Spatio-Temporal architecture to solve dynamic combinatorial optimization and this code base build on top of the following code (https://github.com/wouterkool/attention-learn-to-route).

Currently, dynamic versions of Travelling Salesmen Problem (TSP) and Vehicle Routing Problem (VRP) are supported.

Installation

Install following libraries

Or use env.yml for the complete list of libraries. You can use Anaconda for the installation.

Generate Data

Use the following script to generate test graph instances.

E.g: To generate 100 graphs with 20 nodes for dynamic TSP

python generate_data.py 
  --problem dynamic_tsp 
  --name <dataset_name> 
  --seed 4321 
  --graph_size 20 
  --dataset_size 100

For dynamic VRP use --problem dynamic_cvrp

Train GTA-RL

Use the following script to start training GTA-RL for dynamic TSP with

python run.py
  --problem dynamic_tsp
  --model st_attention
  --graph_size 20 
  --baseline rollout 
  --run_name 'dynamic_tsp' 
  --val_dataset <location of the generated validation dataset>

If the --val_dataset is not provided, the validation dataset will be automatically generated.

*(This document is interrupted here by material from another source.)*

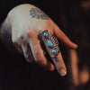 This baby is just waiting to be slid on a finger and party. Long, oversized, and fully adjustable. Beautiful turquoise and silver details.

To enable GTA-RL in real-time mode use "--use_single_time"

Refer to options.py for the complete list of parameters

Pretrained models

The pretrained models are available under pretrained folder. E.g. pretrained/dynamic_tsp_20 contains the trained model for dynamic tsp with 20 nodes

Testing

Use the following script to evaluate the trained model.

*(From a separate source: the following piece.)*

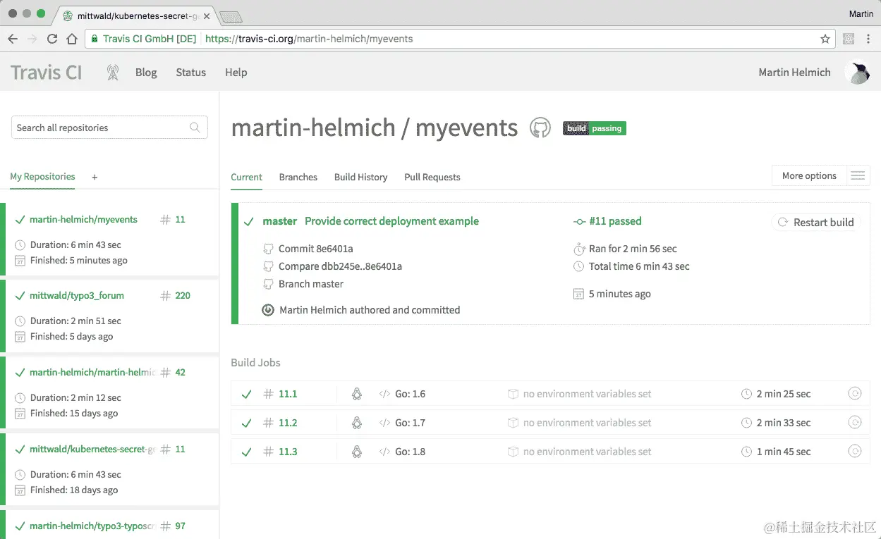 请注意,在这个例子中,我们使用了一个名为gitlab-ci的 Kubernetes 服务账户(之前,我们创建了一个名为travis-ci的账户)。因此,为了使这个例子工作,您需要使用在前面部分已经使用过的命令创建一个额外的服务账户。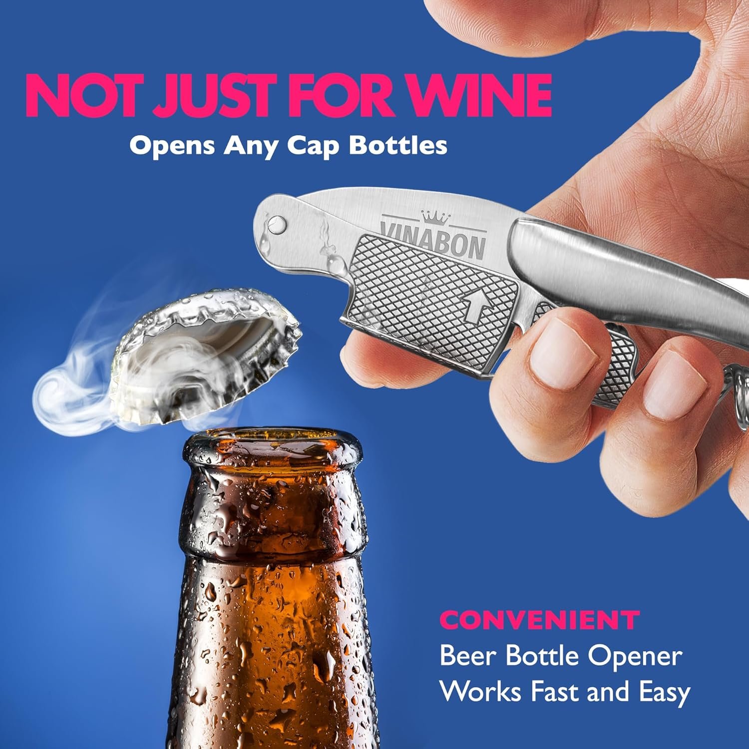 VINABON Wine Corkscrew Opener – Upgraded 2026 Multifunctional 3-in-1 Stainless Steel Wine Key Wine Bottle Opener with Beer Opener for Servers and Bartenders. Includes WineGuide Ebook

python eval.py <location of the generated dataset> 
  --model pretrained/dynamic_tsp_20/GTA-RL/
  --decode_strategy <decode stratergy> 
  --eval_batch_size 1

Possible options for --decode_strategy are "greedy" and "bs" (for beam search). Use --width with "bs" option.

Visualization

Use the following script to visualize the solution.

python eval.py <location of the generated dataset>
  --model pretrained/dynamic_tsp_20/GTA-RL/
  --decode_strategy <decode stratergy> 
  --eval_batch_size 1
  --plot
  --plot_index <index of the batch to plot>

For now, only the dynamic TSP problem works with plotting. Use --use_gurobi to plot the solution with gurobi to the same plot_index

Acknowledgements

We thank attention learning to route [https://github.com/wouterkool/attention-learn-to-route] for an easily extendable codebase.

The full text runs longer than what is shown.